─── Material provided ───

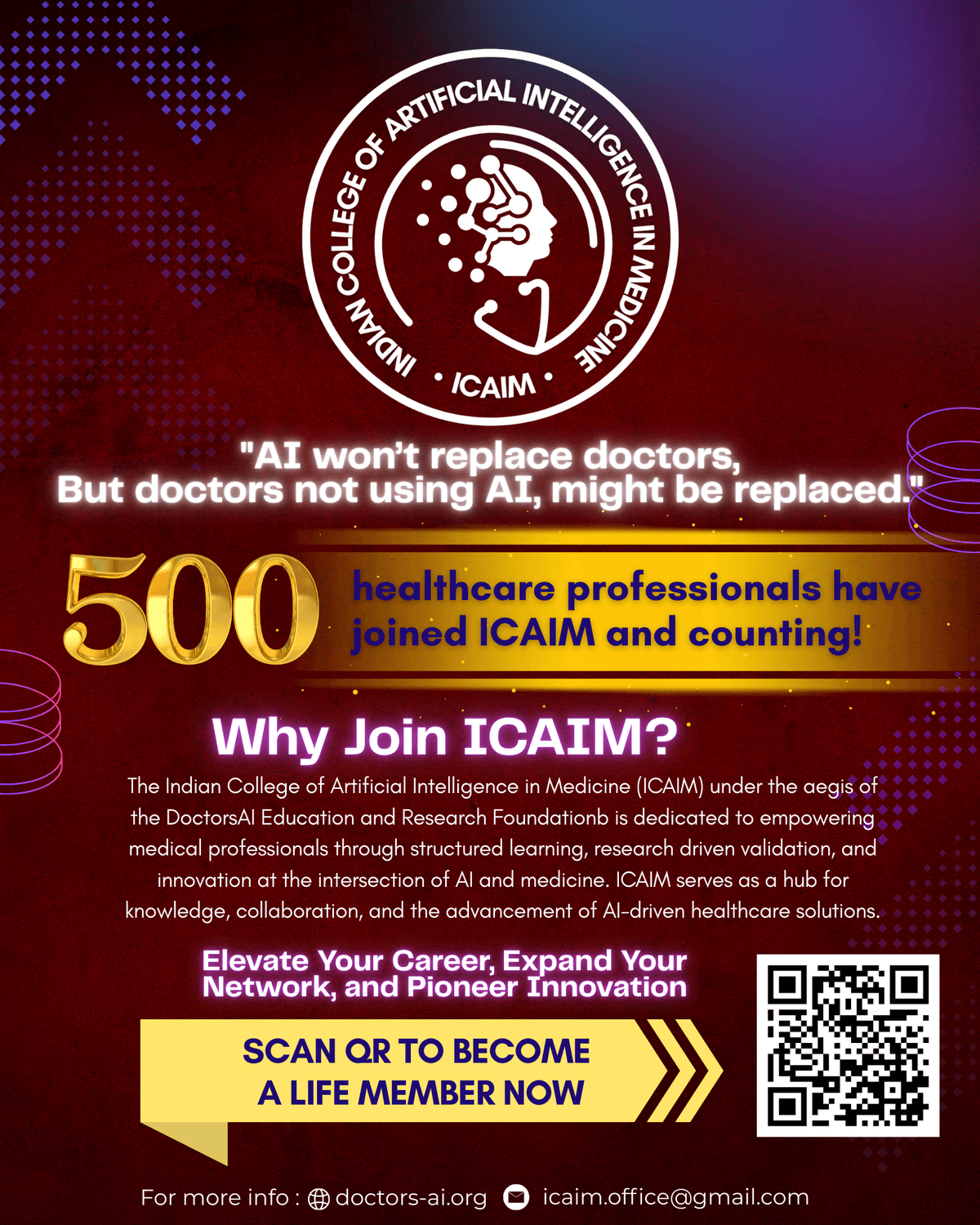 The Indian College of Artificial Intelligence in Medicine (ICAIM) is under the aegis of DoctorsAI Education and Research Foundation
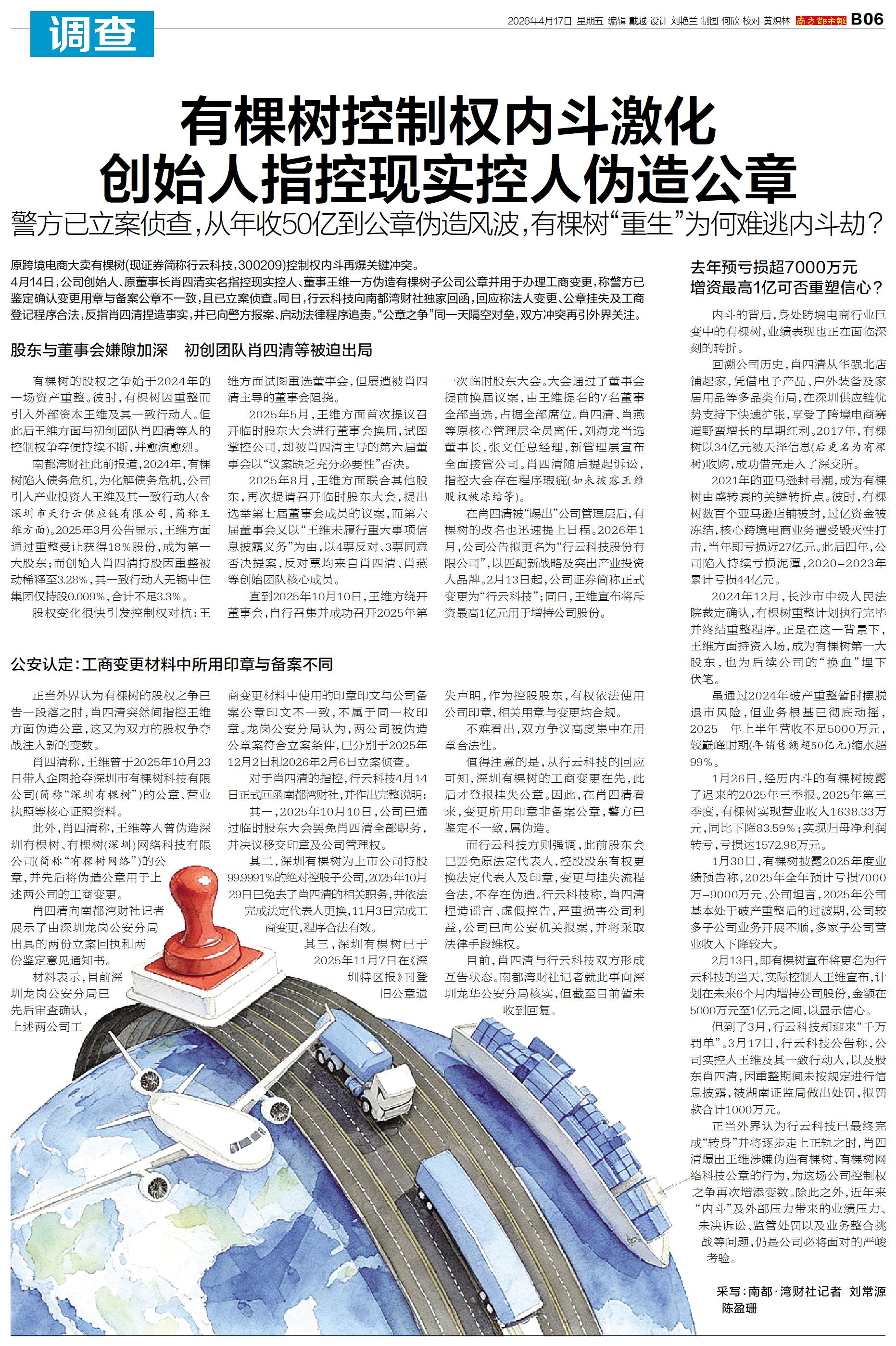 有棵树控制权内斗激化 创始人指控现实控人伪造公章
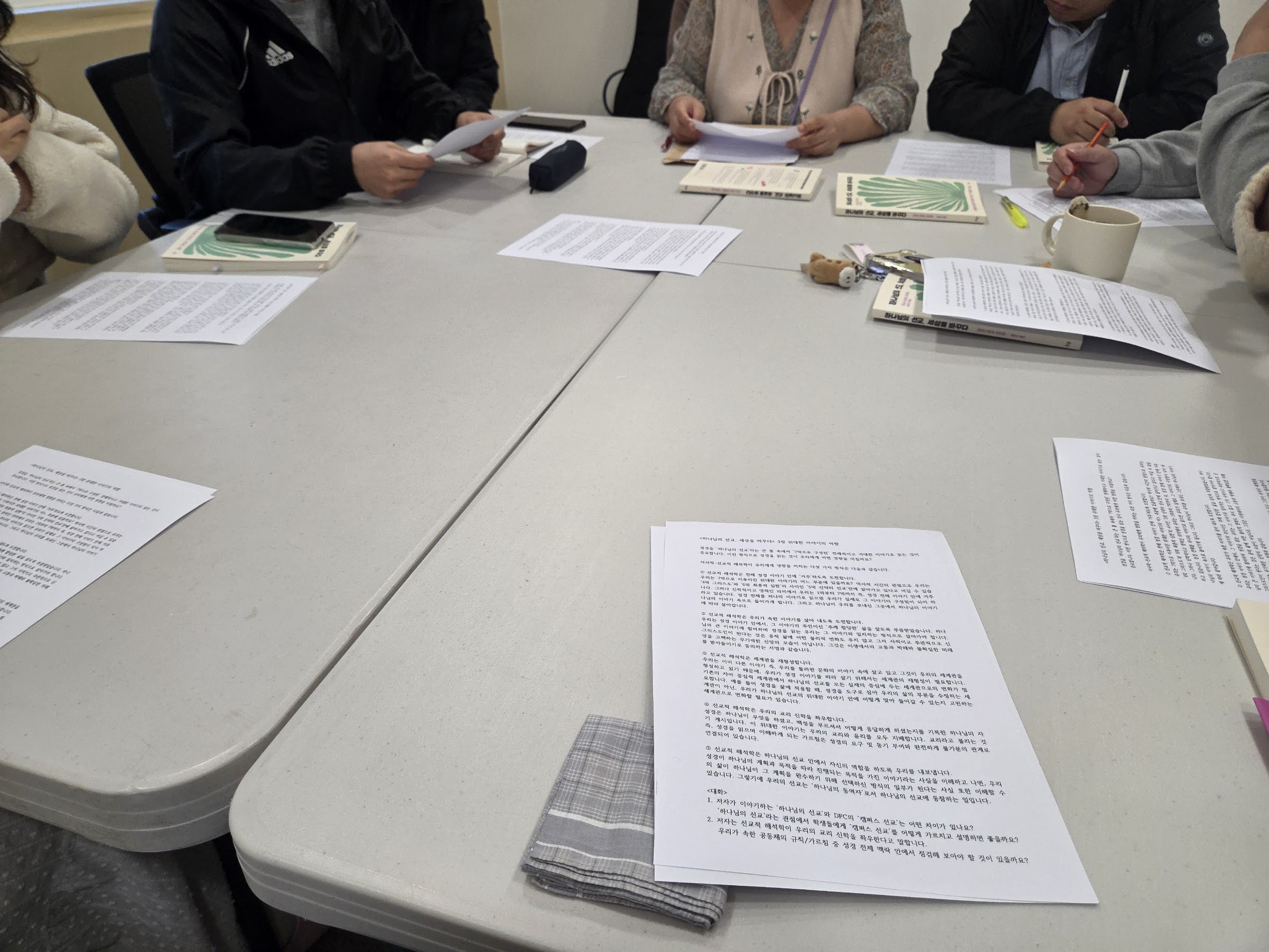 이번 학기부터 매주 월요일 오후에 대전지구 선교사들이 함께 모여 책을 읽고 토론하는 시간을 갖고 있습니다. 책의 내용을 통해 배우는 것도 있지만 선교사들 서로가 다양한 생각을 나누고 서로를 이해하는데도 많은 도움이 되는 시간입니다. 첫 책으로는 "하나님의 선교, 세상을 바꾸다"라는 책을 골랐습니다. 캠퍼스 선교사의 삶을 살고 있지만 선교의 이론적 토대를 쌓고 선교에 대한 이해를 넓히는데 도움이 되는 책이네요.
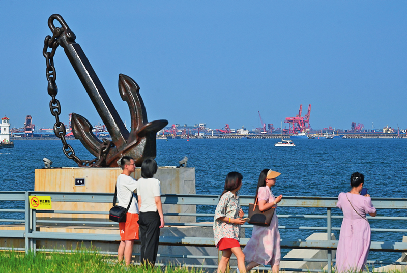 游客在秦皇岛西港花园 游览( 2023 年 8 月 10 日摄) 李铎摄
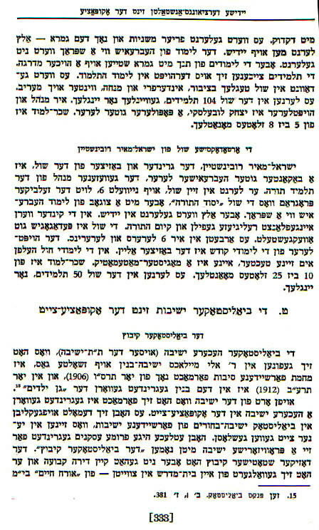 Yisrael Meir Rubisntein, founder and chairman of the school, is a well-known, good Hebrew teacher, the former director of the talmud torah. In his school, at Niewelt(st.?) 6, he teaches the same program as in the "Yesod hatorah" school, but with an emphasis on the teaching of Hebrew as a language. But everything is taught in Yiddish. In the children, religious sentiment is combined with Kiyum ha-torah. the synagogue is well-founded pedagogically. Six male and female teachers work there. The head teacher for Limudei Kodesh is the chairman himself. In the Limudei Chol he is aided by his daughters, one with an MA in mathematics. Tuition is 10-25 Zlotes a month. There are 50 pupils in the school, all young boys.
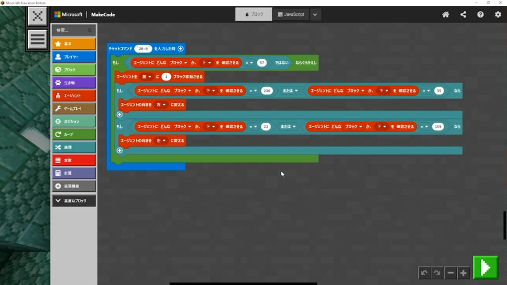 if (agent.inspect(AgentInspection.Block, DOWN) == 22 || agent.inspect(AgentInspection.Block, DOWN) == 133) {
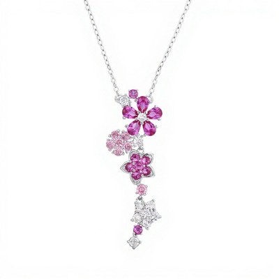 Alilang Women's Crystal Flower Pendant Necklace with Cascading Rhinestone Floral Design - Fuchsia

───

▶ Work required
Print all of the data exactly, and do not carry over any pictures.

▶ Exercise answer
 The Indian College of Artificial Intelligence in Medicine (ICAIM) is under the aegis of DoctorsAI Education and Research Foundation
 有棵树控制权内斗激化 创始人指控现实控人伪造公章
 이번 학기부터 매주 월요일 오후에 대전지구 선교사들이 함께 모여 책을 읽고 토론하는 시간을 갖고 있습니다. 책의 내용을 통해 배우는 것도 있지만 선교사들 서로가 다양한 생각을 나누고 서로를 이해하는데도 많은 도움이 되는 시간입니다. 첫 책으로는 "하나님의 선교, 세상을 바꾸다"라는 책을 골랐습니다. 캠퍼스 선교사의 삶을 살고 있지만 선교의 이론적 토대를 쌓고 선교에 대한 이해를 넓히는데 도움이 되는 책이네요.
 游客在秦皇岛西港花园 游览( 2023 年 8 月 10 日摄) 李铎摄
 Yisrael Meir Rubisntein, founder and chairman of the school, is a well-known, good Hebrew teacher, the former director of the talmud torah. In his school, at Niewelt(st.?) 6, he teaches the same program as in the "Yesod hatorah" school, but with an emphasis on the teaching of Hebrew as a language. But everything is taught in Yiddish. In the children, religious sentiment is combined with Kiyum ha-torah. the synagogue is well-founded pedagogically. Six male and female teachers work there. The head teacher for Limudei Kodesh is the chairman himself. In the Limudei Chol he is aided by his daughters, one with an MA in mathematics. Tuition is 10-25 Zlotes a month. There are 50 pupils in the school, all young boys.
 if (agent.inspect(AgentInspection.Block, DOWN) == 22 || agent.inspect(AgentInspection.Block, DOWN) == 133) {
 Alilang Women's Crystal Flower Pendant Necklace with Cascading Rhinestone Floral Design - Fuchsia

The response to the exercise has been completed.